-- Task prompt --
In the entries that follow, repeat exactly the lines from the one that has "Áö¿ø |2025. 04.23" through the one that has "mysql> select deptno,avg(sal),max(sal)", but omit pictures.

-- Available data --
>>>>>
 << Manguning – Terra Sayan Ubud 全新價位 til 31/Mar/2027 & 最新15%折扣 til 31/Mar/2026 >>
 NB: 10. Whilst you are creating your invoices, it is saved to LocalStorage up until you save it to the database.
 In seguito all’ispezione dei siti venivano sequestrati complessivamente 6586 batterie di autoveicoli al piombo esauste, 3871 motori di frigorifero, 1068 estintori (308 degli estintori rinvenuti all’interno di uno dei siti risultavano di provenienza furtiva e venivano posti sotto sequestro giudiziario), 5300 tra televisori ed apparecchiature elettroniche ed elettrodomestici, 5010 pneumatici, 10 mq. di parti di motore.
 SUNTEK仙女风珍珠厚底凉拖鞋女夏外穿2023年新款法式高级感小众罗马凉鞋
<<<<<
>>>>>
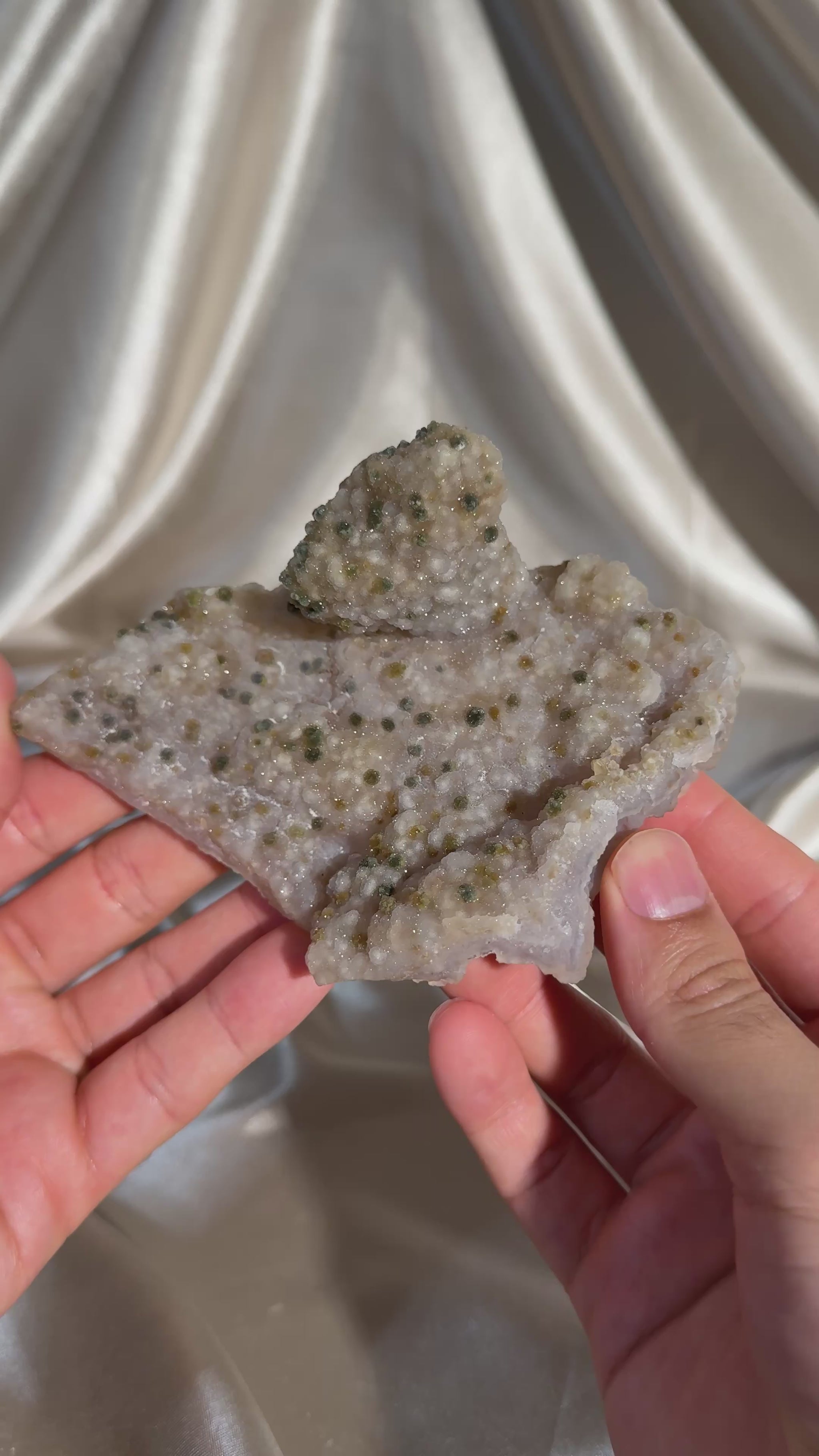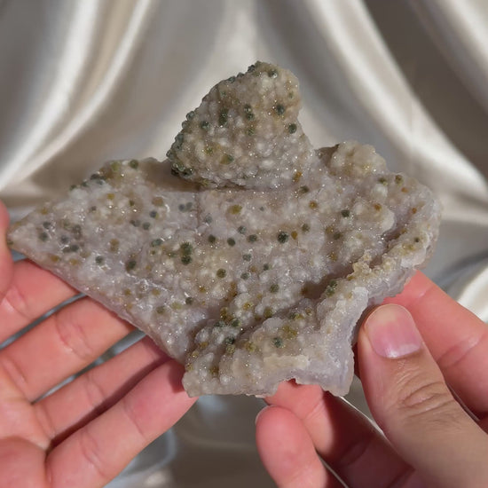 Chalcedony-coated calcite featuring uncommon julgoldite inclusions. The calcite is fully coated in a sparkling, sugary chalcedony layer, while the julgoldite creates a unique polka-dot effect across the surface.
<<<<<
>>>>>
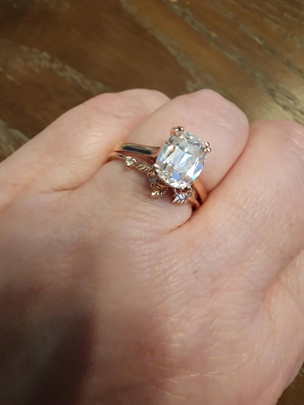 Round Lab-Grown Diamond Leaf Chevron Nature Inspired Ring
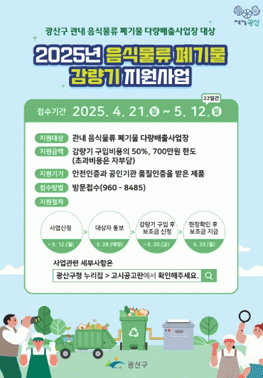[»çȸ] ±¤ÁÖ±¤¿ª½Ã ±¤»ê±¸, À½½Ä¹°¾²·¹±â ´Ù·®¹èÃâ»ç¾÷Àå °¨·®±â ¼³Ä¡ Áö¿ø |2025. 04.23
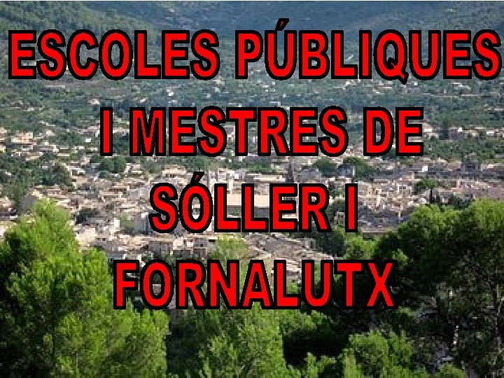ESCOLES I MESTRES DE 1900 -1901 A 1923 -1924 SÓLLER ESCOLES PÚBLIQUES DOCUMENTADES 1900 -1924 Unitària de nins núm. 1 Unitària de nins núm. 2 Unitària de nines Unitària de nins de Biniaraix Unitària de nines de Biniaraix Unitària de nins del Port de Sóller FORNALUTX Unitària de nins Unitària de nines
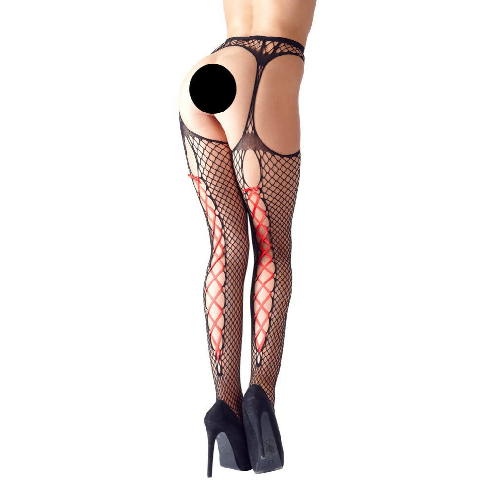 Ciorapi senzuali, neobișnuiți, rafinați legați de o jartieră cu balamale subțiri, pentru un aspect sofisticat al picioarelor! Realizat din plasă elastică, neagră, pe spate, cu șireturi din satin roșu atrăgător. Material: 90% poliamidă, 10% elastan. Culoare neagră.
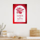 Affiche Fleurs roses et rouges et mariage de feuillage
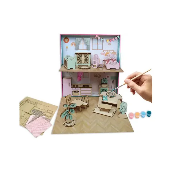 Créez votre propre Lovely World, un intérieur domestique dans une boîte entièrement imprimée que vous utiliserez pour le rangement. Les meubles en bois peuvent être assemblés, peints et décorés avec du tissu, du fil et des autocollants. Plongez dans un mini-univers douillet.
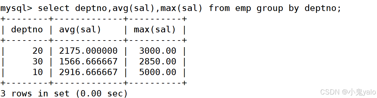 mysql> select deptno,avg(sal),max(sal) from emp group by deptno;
<<<<<
-- Written answer --
[»çȸ] ±¤ÁÖ±¤¿ª½Ã ±¤»ê±¸, À½½Ä¹°¾²·¹±â ´Ù·®¹èÃâ»ç¾÷Àå °¨·®±â ¼³Ä¡ Áö¿ø |2025. 04.23
ESCOLES I MESTRES DE 1900 -1901 A 1923 -1924 SÓLLER ESCOLES PÚBLIQUES DOCUMENTADES 1900 -1924 Unitària de nins núm. 1 Unitària de nins núm. 2 Unitària de nines Unitària de nins de Biniaraix Unitària de nines de Biniaraix Unitària de nins del Port de Sóller FORNALUTX Unitària de nins Unitària de nines
 Ciorapi senzuali, neobișnuiți, rafinați legați de o jartieră cu balamale subțiri, pentru un aspect sofisticat al picioarelor! Realizat din plasă elastică, neagră, pe spate, cu șireturi din satin roșu atrăgător. Material: 90% poliamidă, 10% elastan. Culoare neagră.
 Affiche Fleurs roses et rouges et mariage de feuillage
 Créez votre propre Lovely World, un intérieur domestique dans une boîte entièrement imprimée que vous utiliserez pour le rangement. Les meubles en bois peuvent être assemblés, peints et décorés avec du tissu, du fil et des autocollants. Plongez dans un mini-univers douillet.
 mysql> select deptno,avg(sal),max(sal) from emp group by deptno;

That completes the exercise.